Question

Which is equal to ^6 sqrt 48^3?

Answer 1

\(\Large \bf \sqrt[6]{48^3}\quad ?\)

Answer 2

yes thats right.

Answer 3

\(\bf \Large {{\color{blue}{ 48\implies 2\cdot 2\cdot 2\cdot 2\cdot 3\implies 2^2\cdot 2^2\cdot 3}}
\\ \quad \\ \quad \\

\sqrt[6]{48^3}\implies \sqrt[6]{(2^2\cdot 2^2\cdot 3)^3}\implies \sqrt[6]{2^{2\cdot 3}\cdot 2^{2\cdot 3}\cdot 3^3}}\)

what do you think?

Answer 4

Honestly I dont know...

Answer 5

\[2\sqrt{6}?\]

Answer 6

\(\Large \bf {{\color{blue}{ 48\implies 2\cdot 2\cdot 2\cdot 2\cdot 3\implies 2^2\cdot 2^2\cdot 3}}
\\ \quad \\ \quad \\

\sqrt[6]{48^3}\implies \sqrt[6]{(2^2\cdot 2^2\cdot 3)^3}\implies \sqrt[6]{2^{2\cdot 3}\cdot 2^{2\cdot 3}\cdot 3^3}
\\ \quad \\
\sqrt[{\color{red}{ 6}}]{2^{\color{red}{ 6}}\cdot 2^{\color{red}{ 6}}\cdot 3^3}\implies 2\cdot 2\sqrt[{\color{red}{ 6}}]{3} }\)

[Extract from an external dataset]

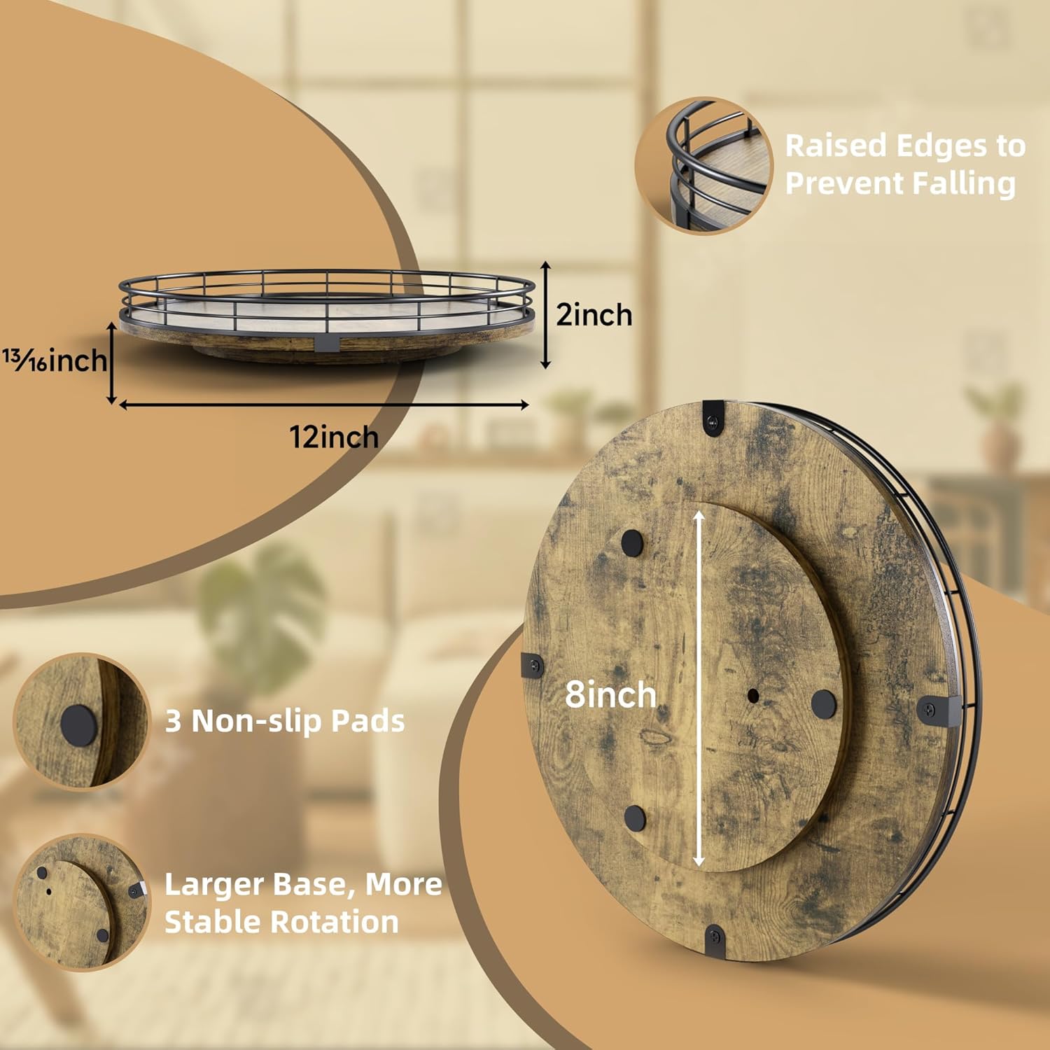 - Thoughtful Design - The raised edges are made of iron, which is sturdy and prevents items from falling off the turntable. The base is large enough and equipped with 3 anti-slip pads, the rotation is smoother and prevents scratches. No installation required, easy to use

anything that matches the radical, or root, comes out, losing their exponents, thus

Answer 7

ok...

Answer 8

so, just multiply the two fellows that came out
and you'd get the value in front of the radical

Answer 9

so, \[4^6 \sqrt{3}\]

Answer 10

or what?

Answer 11

\(\Large \bf \sqrt[{\color{red}{ 6}}]{2^{\color{red}{ 6}}\cdot 2^{\color{red}{ 6}}\cdot 3^3}\implies 2\cdot 2\sqrt[{\color{red}{ 6}}]{3} \implies 4\sqrt[6]{3}\)

Answer 12

ok what is the next step...? the exponents?

Answer 13

that's as simplified as you can get it

Answer 14

so then is it option C? \[4\sqrt{6}\]

Answer 15

because there are no options that say \[4\sqrt[6]{3}\]

Answer 16

hmmm those options don't show any \(\Large \sqrt[6]{\qquad }\)

Answer 17

nope

Answer 18

so I wonder if the original included \(\Large \sqrt[6]{\qquad }\) or was it just \(\Large \sqrt[]{\qquad }\)

Answer 19

hmmm oh and even then I forgot the 3 has a exponent anyway, should be \(\Large \bf \sqrt[{\color{red}{ 6}}]{2^{\color{red}{ 6}}\cdot 2^{\color{red}{ 6}}\cdot 3^3}\implies 2\cdot 2\sqrt[{\color{red}{ 6}}]{3^3} \implies 4\sqrt[6]{3^3} \)

Answer 20

original problem was\[\sqrt[6]{48^{3}}\]

Answer 21

hmmm I see

ok.... so \(\Large { \bf \sqrt[{\color{red}{ 6}}]{2^{\color{red}{ 6}}\cdot 2^{\color{red}{ 6}}\cdot 3^3}\implies 2\cdot 2\sqrt[{\color{red}{ 6}}]{3^3} \implies 4\sqrt[6]{3^3}
\\ \quad \\
\textit{keep in mind that } \sqrt[{\color{red} m}]{a^{\color{blue} n}}=a^{\frac{{\color{blue} n}}{{\color{red} m}}}\qquad thus
\\ \quad \\

4\sqrt[{\color{red}{ 6}}]{3^{\color{blue}{ 3}}}\implies 4\cdot 3^{\frac{{\color{blue} 3}}{{\color{red} 6}}}\implies 4\cdot 3^{\frac{1}{2}}
\\ \quad \\
\implies 4\sqrt[{\color{red}{ 2}}]{3^{\color{blue}{ 1}}}\implies 4\sqrt{3}}\)

Answer 22

thank you:)

Answer 23

yw